As of late, ecological research in this area usually 1) describes patterns of abundance/distribution of sessile organisms, 2) explains how these bands of distribution arise from the various community members’ responses to various physical pressures, and 3) experimentally demonstrates how abrupt temporal (including seasonal) and spatial discontinuities in distribution arises from interspecific competition (Dayton 1971; Sousa 1985; Blanchette 1996).

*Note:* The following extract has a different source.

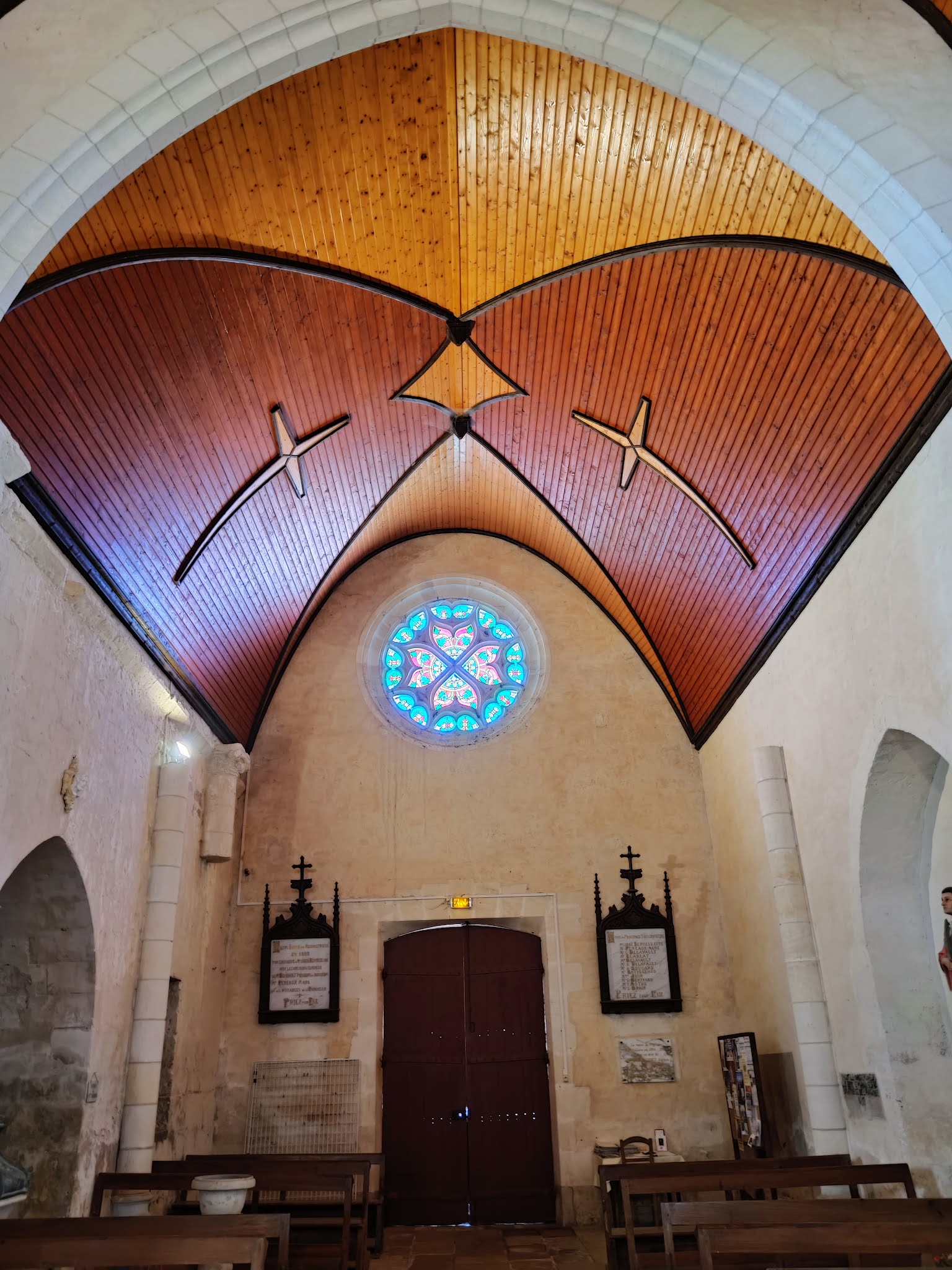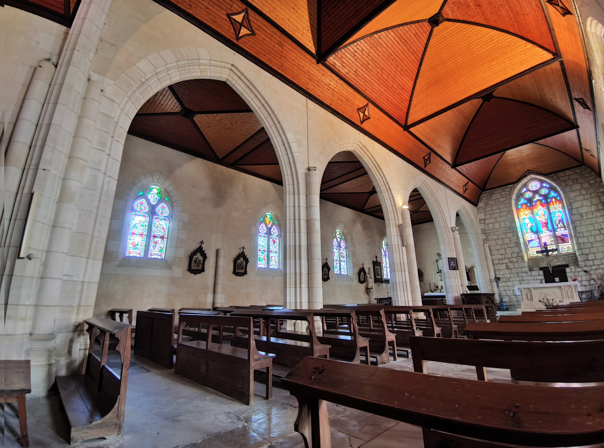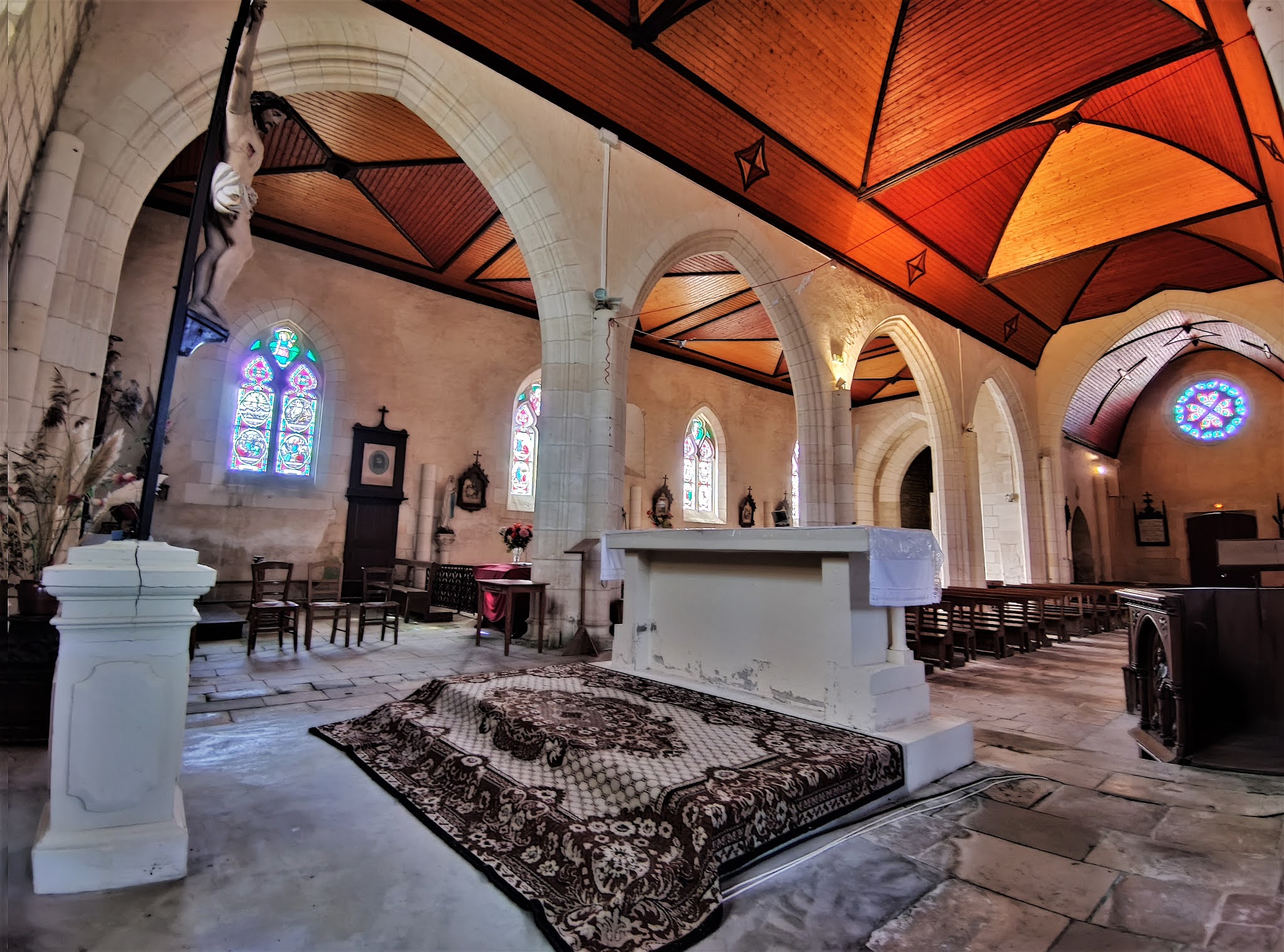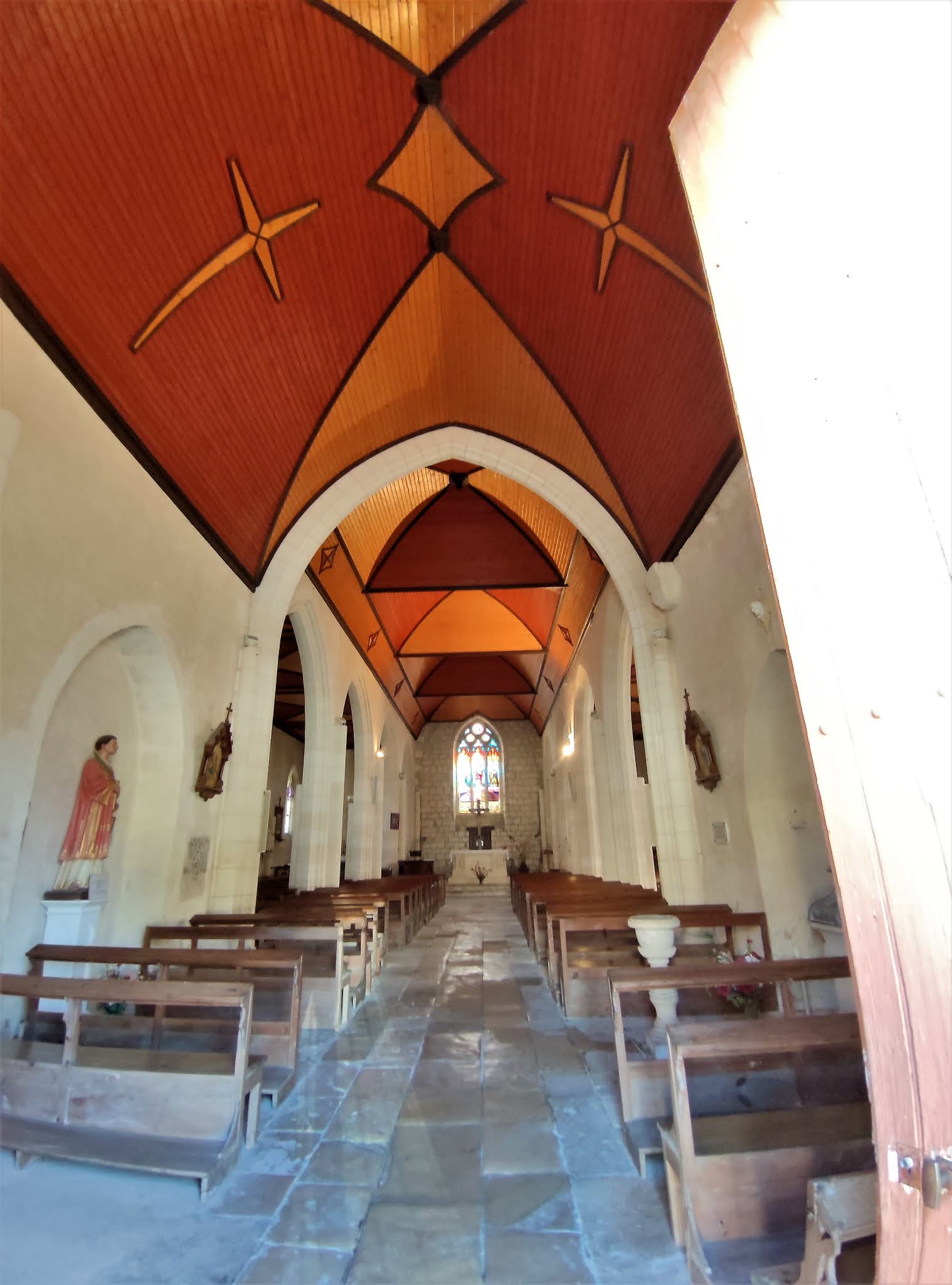 Elle mérite une visite, j'ai apprécié la joyeuse élégance de cette construction du 19ème siècle. La première église date du 13ème siècle, elle a été agrandie au 17ème siècle et presque entièrement reconstruite à partir de 1888. Quelques pans de murs et un pilier restent de l'église primitive. La nouvelle église est d'inspiration gothique, la nef possède 3 vaisseaux recouverts de voûtes lambrissées originales et colorées. Le vaisseau principal est voûté en croisées d'ogives et les collatéraux sont plafonnés. Eglise en bel état, l'éclairage offert par les vitraux historiés met joliment en valeur les teintes chaudes des voûtes. Elle mérite une visite, j'ai apprécié la joyeuse élégance de cette construction du 19ème siècle.

The rocky shores of the Northeast Pacific Ocean provide an ideal setting to study ecological succession and the effects of disturbance regimes; not only are they reasonably accessible, but they are experimentally amenable in that they are geographically unbroken with flora and fauna that have overlapping ranges that are confined to the intertidal zone. These communities are open-ended, as most primary production and decomposition takes place elsewhere (Dayton 1971). Furthermore, a great majority of interspecific competitive interaction involves the struggle to claim space, which is relatively simple to analyze in this environment, owing to a two-dimensional substrate and clearly delineated bands of vertical distribution (Dayton 1971).
Garden-variety models of competition predict that, under static environmental conditions, a single species would effectively dominate in each intertidal zone. That being said, field evidence indeed suggests that certain stochastic disturbance events (particularly those that result in the localized clearing of habitable space) actually serve to promote species richness (Dayton 1971; Blanchette 1996). Identifying factors that influence community succession may be critical in describing the path to dominance under circumstances where habitable space is likely to be a limiting resource (e.g., high-density monoculture). Processes that drive community organization cannot, in these cases, be fully explained without evaluating the disturbance regimes that relieve pressure for space (i.e., allow coexistence).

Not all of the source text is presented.